This article, written by Daniel Allen, is reposted from the Ecosulis Blog
A new scientific paper reveals the huge value-generating potential of Brazilian protected areas. As the first high-profile application of the Natural Asset Framework, the analysis has worldwide implications.
Framework first
A new scientific paper, co-authored by Ecosulis Nature Recovery Lead Paul Jepson and published in the Journal of Environmental Management, shows that Protected Areas (PAs) in Brazil could generate far more value from their natural assets. This is the first high-profile paper covering a major application of the Natural Asset Framework, now available as a service from Ecosulis.
“The overarching goal of natural area policy to date has been the protection of biodiversity and sustainable use of natural resources,” says Jepson. “As a result, protected area management planning has often overlooked natural, cultural and human assets that can be managed and invested in to generate value for nature and people.”
Managed effectively, Protected Areas (PAs) are capable of generating multiple forms of value, both tangible and intangible, for individuals and society. But the limited scope of PA management plans frequently constrains their capacity for doing this.
Comprehensive analysis
One way to ensure that PAs maximise their value-generating potential – within the context of their designation – is to survey their assets and generate a “PA Asset Management and Investment Plan” to supplement and support existing planning documentation. The new paper gives an idea of how such a survey might work by providing an asset-based analysis of Brazilian Protected Area management plans.
The study analysed a total of 119 management plans written between 1978 and 2016, relating to Brazilian PAs established between 1937 and 2006. Such areas encompass national parks (NP), environmental protected areas (EP), national forests (NF) and ecological stations (ES). Carried out by a multinational team of conservation scientists from Brazil, Portugal and the United Kingdom, the analysis generated some eye-catching results.
Mind the gap
The most striking aspect of the study was the discrepancy between the relatively narrow subset of natural and other PA assets mentioned in the management plans analysed, and the huge number of assets with huge value-generating potential that were rarely or never mentioned.
Given the strong similarities between PA management plans in different countries, it is reasonable to assume that this kind of discrepancy is indicative of a general trend across the the world.

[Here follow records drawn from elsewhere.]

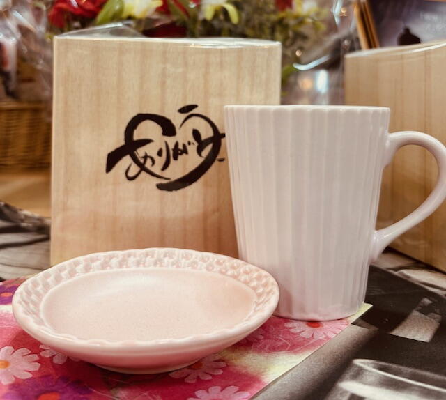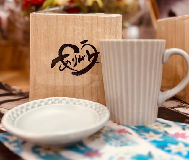 また 木箱に「ありがとう」のメッセージつきマグ&プレートセットも入荷しております。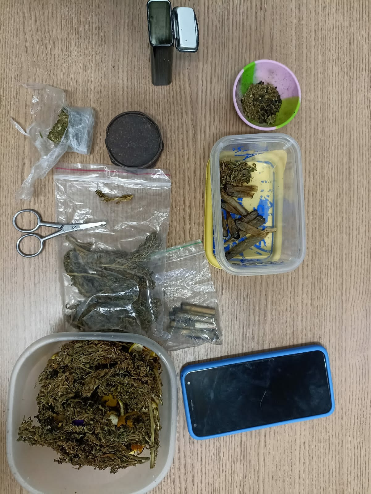 A mulher identificada apenas como Maria Eduarda foi revistada e junto à acusada, foi encontrado o entorpecente e uma tesoura.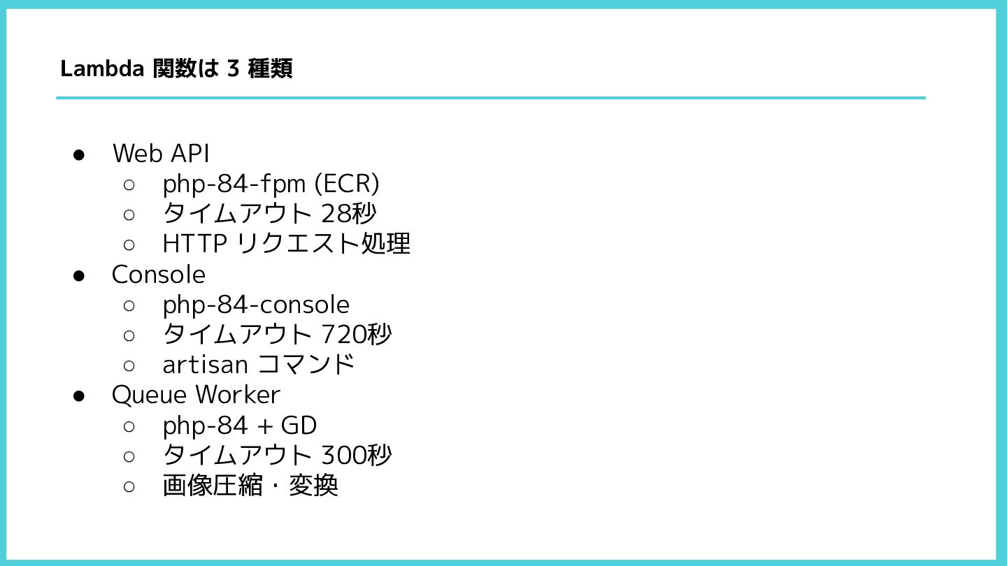 HTTP リクエスト処理 • Console ◦ php-84-console ◦ タイムアウト 720秒 ◦ artisan コマンド • Queue Worker ◦ php-84 + GD ◦ タイムアウト 300秒 ◦ 画像圧縮・変換 Lambda 関数は 3 種類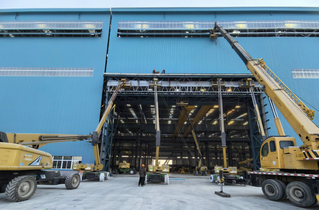 在恒力重工三期廠房建設(shè)工地,近10臺(tái)30米級(jí)徐工高空作業(yè)平臺(tái)正大顯身手,忙碌于車間內(nèi)外鋼結(jié)構(gòu)建設(shè)與墻面裝飾等精細(xì)作業(yè)。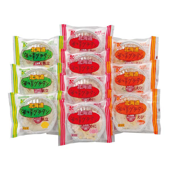 内容:海の幸グラタン(えび、帆立)各125g×各3、海の幸グラタン(かに)125g×4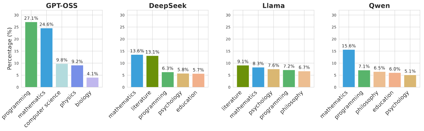 More surprisingly, shown in Figure 1(b), different model families gravitate toward different parts of the semantic space—even when given the same minimal prompts. GPT-OSS overwhelmingly defaults to programming (27.1%) and mathematics (24.6%). More than half of a model family’s output concentrates in these two domains! Llama produces far more literary and narrative text (9.1%), with less emphasis on technical domains (See Figures 2). DeepSeek often generates religious content at a substantially higher rate than other families. Qwen frequently outputs multiple-choice exam questions, complete with answer options.

Standard PA management plans are only partially effective in identifying the multiple assets that such areas contain. Image: Daniel Allen
New opportunities
PA financing across the world is in a parlous state, with a bleak outlook for any additional funding. This demands new approaches and innovation. Rethinking PAs and PA networks in terms of groups of assets is one such new approach, with the advantage that it can be easily applied across different designations and spatial scales.
“Our analysis clearly shows that standard PA management plans are only partially effective in identifying the multiple assets that such areas contain,” says Jepson. “Uncovering, investing in, and communicating the ‘hidden’ value that resides in many PAs has the potential to both increase public support for such areas and to generate significant sources of new revenue for their financing.”